The relation trigger dictionary comprises of all interaction terms from the training corpus. After reviewing the training corpus for relation trigger terms, we retrieved not one but many variants of the same relation trigger occurring in alternative verb-phrase groups. For example, “change in expression” can be represented as one of the following verb-phrases: Change MicroRNA-21 Expression, Expression of caveolin-1 was changed, Change in high levels of high-mobility group A2 expression, change of the let-7e and miR-23a/b expression, expression of miR-199b-5p in the non-metastatic cases was significantly changed, etc. To allow flexibility for capturing relation trigger along with its variants spanning over different phrase length, we first manually represented all the relations in its root form, such as “regulate expression” to “regulate” ( cf. Relation_Dictionary.txt file in Dataset 1). The base form has been extended manually to different spelling variants, e.g. regulate to regulatory, regulation, etc., the detailed listing of variants is provided in Word_variations.txt in Dataset 1. Not all combinations of the root forms are logical; target and up-regulation terms cannot be combined to form a relation trigger. Thus, we additionally defined a set of relation combinations that are allowed (see Permutation_terms.txt in Dataset 1 for all combinations).

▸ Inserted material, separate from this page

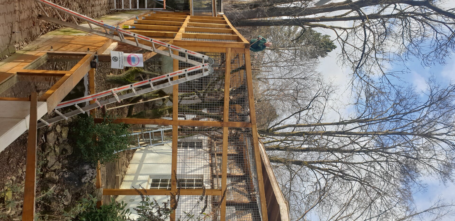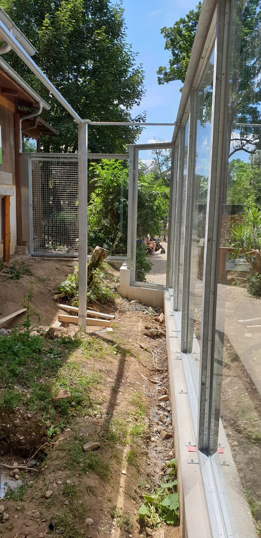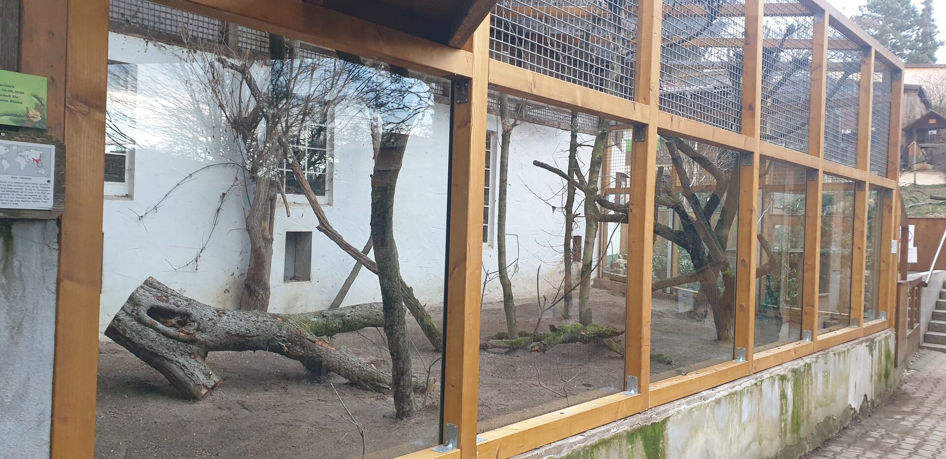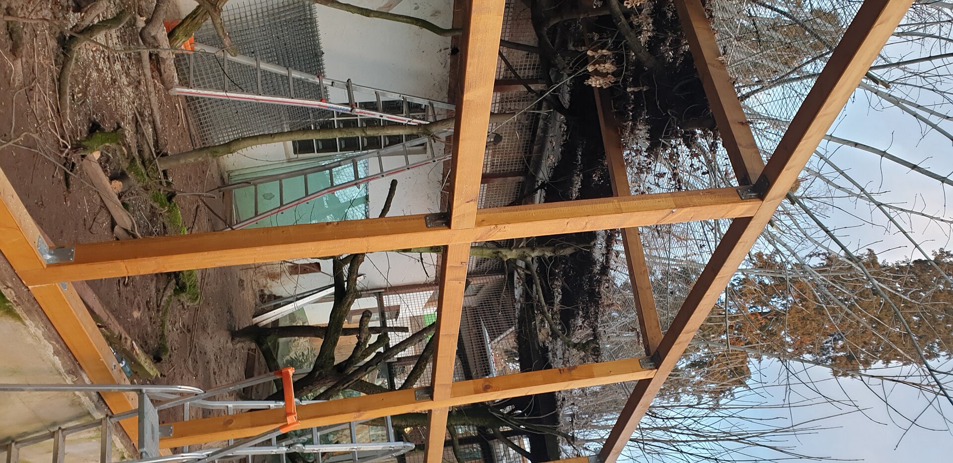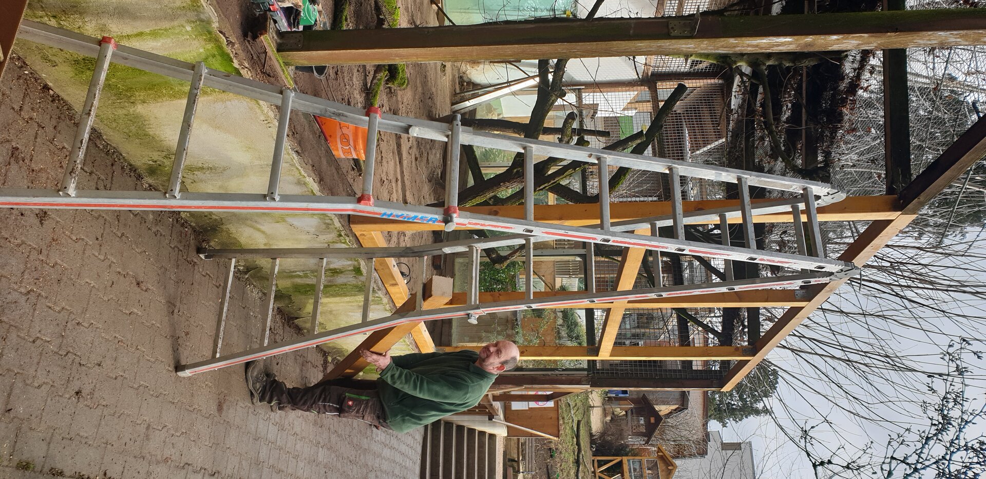 ...heute (14.02.2022) wurde mit der Renovierung des Außengeheges der Servale begonnen, Glas und Gitter wurden entfernt. Nachdem am zweiten Tag die Vorderfront und die Dachsparren erneuert wurde, kam am dritten Tag die Seite dran. Am letzten Tag wurden Gitter montiert, die Glasscheiben eingestzt, Bäume die oben durch das Gitter wuchsen geschnitten und das Laub runtergeblasen. Jetzt kann man auf den Dachsparren wieder gehen. Dadurch wurde das Gehege wieder schön hell. Innen kam ein neuer Baumstamm rein. Dann das Gehege gereinigt, die Scheiben geputzt und der Serval durfte am Abend noch ein paar Runden in seinem fast neuen Gehege laufen.

For all named entity recognition performed, the dictionary-based system ProMiner 31 is used. Supplementary Table A ( Dataset 1) provides a quantitative estimate of the entities available in the dictionaries used in this work.
Relation extraction
We consider three approaches for addressing automatic extraction of interacting entity pairs from free text, described in the following.
The co-occurrence approach serves as a baseline. Assuming all interactions to be present in isolated sentences, this approach is complete but may be limited in precision. Reducing the number of false positives can be achieved by filtering with the dictionary of relation triggers occurring in the same sentence. The rationale behind this filter is that the interaction is more likely to be described if such a term is present (we refer to this as tri-occurrence).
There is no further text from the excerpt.